Efectivamente, intentamos darlo todo, aunque ese todo sea poco. Cantamos con lo mejor que se nos ha dado. Florence es como el hombre al que le habían dado muy pocos talentos y los plantó y salió un árbol que dio mucho más fruto del que todos esperaban. Me inspira. En estos tiempos tratamos de dar mucho más, aunque no seamos mucho. Perdemos el miedo al ridículo, nos arriesgamos, perdemos la vergüenza de decir las cosas, somos mucho más libres para compartir. Al final, lo que hicimos se desvanecerá y solo importará el amor que pusimos en ello. El amor que ponemos en cada cosa que hacemos es el verdadero valor. El canto de Florence queda redimido por el amor que puso en entregarlo. Nos seguimos riendo, pero con ella, no de ella. Así, cada día en esta pandemia cada uno ha tratado de hacer su mejor canto.  Aunque queden envuelto en ámbar, en la fibra de vidrio de Internet o en unas páginas de celulosa, necesitamos tanto el silencio como la palabra. Como colibrí en esta tormenta, canté lo que supe y amé.

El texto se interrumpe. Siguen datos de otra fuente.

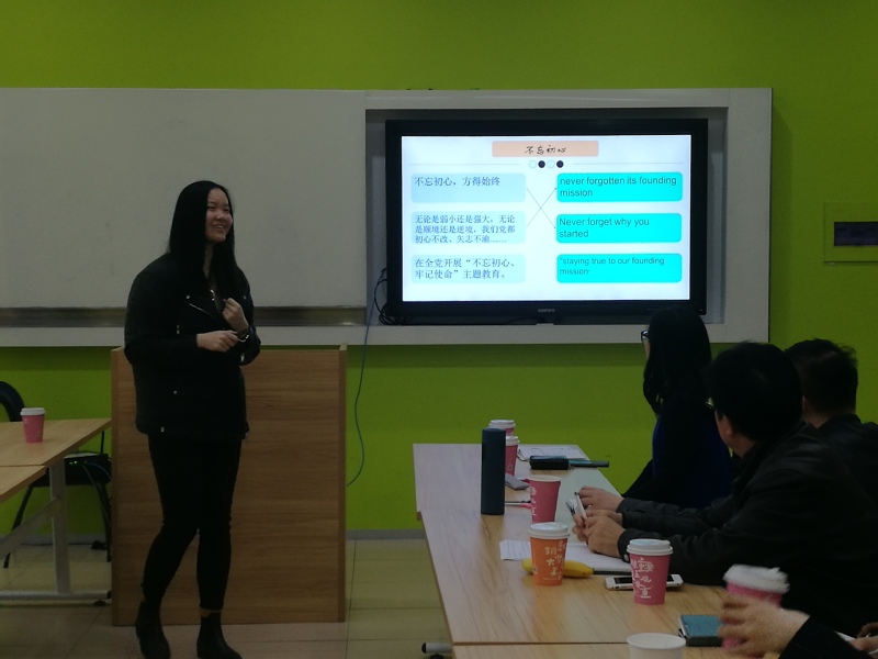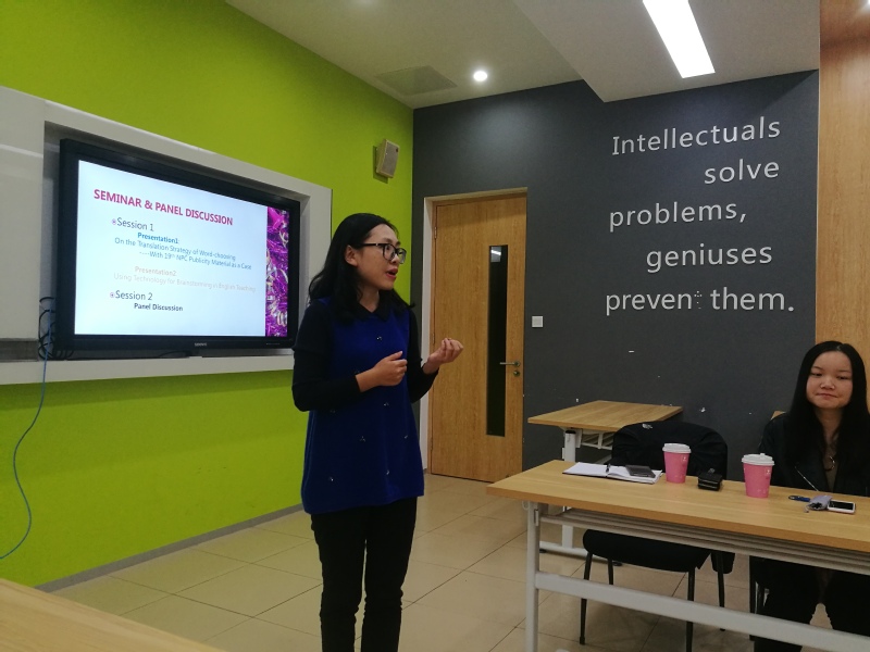 本次教學(xué)研共同體活動按國際化的學(xué)術(shù)研討會模式,營造了全英文的研討氛圍。首先,以學(xué)術(shù)研究的角度解讀“十九大”報告,創(chuàng)新了思政學(xué)習(xí)模式?;谄叫姓Z料庫理論架構(gòu),袁琨老師作了報告:On the Translation Strategy of Word-choosing----With 19th NPC Publicity Material as a Case(“十九大”外宣材料的選詞策略)。各位老師都獲益匪淺,既進(jìn)行了英語專業(yè)學(xué)術(shù)研討,也學(xué)習(xí)了“十九大”報告。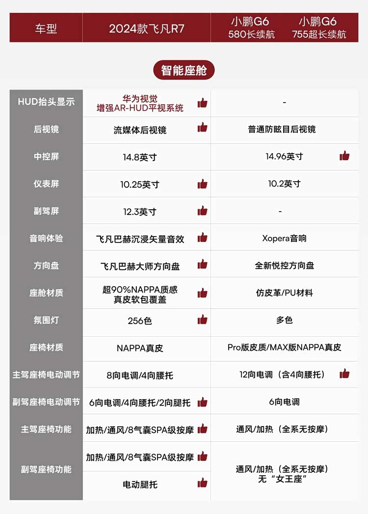 另外,在用户比较关注的豪华配置方面,新款飞凡R7不仅有256色氛围灯和NAPPA真皮座椅,前排座椅加热/通风/按摩全套功能也能让舒适性提升一档;另外,副驾电动腿托的设计也非常符合目前最流行的女王座趋势。小鹏G6在用料和功能上则要略逊一些。

¿Sabéis de qué tengo ganas ahora mismo? De reunirme de nuevo con mi viejo amigo Tomás, en su terraza de Torrejón de Ardoz, que fue zona cero del Covid-19, llevar dos cervezas bien frías y escucharle tocar con su clarinete al cielo los salmos de John Coltrane. Si comprendiéramos la ternura del vuelo del colibrí, todo podría cambiar.